There’s currently a standoff at my house on who is going to cook dinner. It’s just me and the man so our solution for the past couple of nights has been to go to a diner that is in the next town over.  Problem solved.  Last night my spouse and I were on the verge of having one of “those” talks after several days of biting at each other’s heals and the waitress did a great job of interrupting us at the perfect moments stalling any intense public discussions.  I thought she was very nice and I think we were both grateful for the re-starts she unknowingly supplied for us.

I’ve been drowning in an overwhelming feeling of loneliness for the past few weeks, beginning with my 24 year old daughters exit to NYC to live with her friends for the summer.  We’re close, and I miss her intensely even while being very happy for her that she is living her life. (and a pretty cool one at that)  Besides, she’ll return at the end of summer to go back to school and we’ll be back to fighting for space, privacy, the upper hand – before I know it.  But this blog isn’t about my beautiful daughter.  It’s about coincidence and timing.
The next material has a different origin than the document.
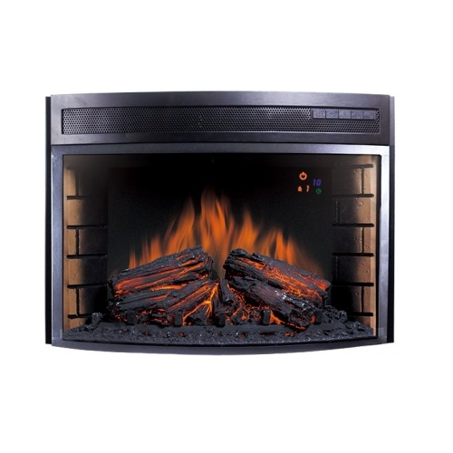 Электрический очаг с закругленным стеклом и звуком создает эффект настоящего камина

So tonight we return to the same diner, my bewildered spouse and I, in better moods but still timid over the storms that have been passing through our relationship with my unpredictable feelings of mourning.  (I use the word mourning because that’s the closest I can come to describing how I feel lately)  I don’t believe our waitress remembered us from the previous night, but I recognized her.  She became very chatty and friendly- more so than the attentive-service-make-you-feel-at-home that a good server will provide.  I could see/hear that she was literally brimming over the top with the need to just talk.  She asked about my sweatshirt (yes, its summer in Connecticut and I’m sporting a sweatshirt) which is a bright orange Harley Davidson oversized MOST comfortable attire for a rainy cold night.  Then she proceeded to talk about her Dad and the memories she has off his bikes, and cars etc.
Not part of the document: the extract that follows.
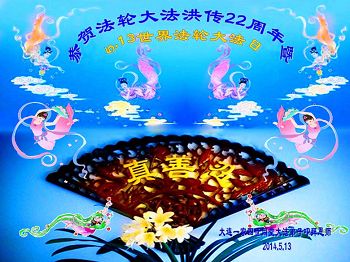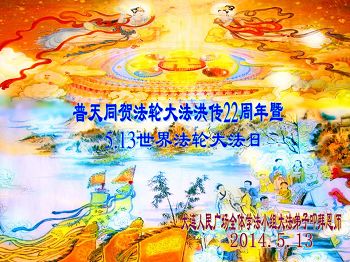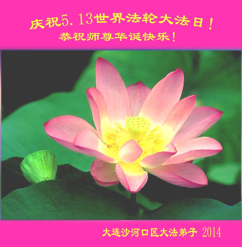 庆祝5.13世界法轮大法日并恭贺师尊传法二十二周年! 2014年5月 辽宁省大连一家九口大法弟子恭祝世界法轮大法日!

As she repeatedly returned with helpful suggestions on sauces to try with my spinach pie (yum, just yum) she would stay a bit longer and talk a bit more.  This girl needed to talk.  I thought D would become irritated, but he rolled with it……and chatted back a bit with her although most of the conversation was between her and I.  I love him for that - His patience with this waitress who had taken our dinner conversation hostage, who is also a person who obviously needed some talking time with people who might listen.

She’s had a tough row to hoe like many.  I learned that she grew up next to the town I grew up in (both of us transplanted now) and that she lives in a halfway house, (explaining why she chose this particular town to move to….not her choice at all) and that she made some poor passive choices in her life that led her to where she is now…..waitressing, no car, looking for more and/or better work.  Even with 10 years difference in age we know some of the same people.

Now, there are some that would think this is pretty inappropriate talk between people in this particular situation…..i would have been one of those “some” before tonight.  However, as I sat there listening to her I couldn’t help but think how easily our situations could have been reversed. While our lives are on completely different paths, how very similar we are both feeling.  Helpless.  Frustrated.  Sad…..and hopeful for a better future.

I don’t know what kind of a sign this is, and I don’t know if I believe in coincidence, but I do believe what goes around comes around and that we are all more alike than we are different.  Was she sent to me by some divine power to give me a big kick in the ass to appreciate my life more than I do?  Am I meant to help her?  Or have I already by not passing judgment, by allowing her to talk, by encouraging her to carry on and not give up?  Has she been placed in my path for a reason? And if so, what is that reason?

This is the type of circular thinking that takes place in my head on a daily basis.  It’s my life in the middle of the street.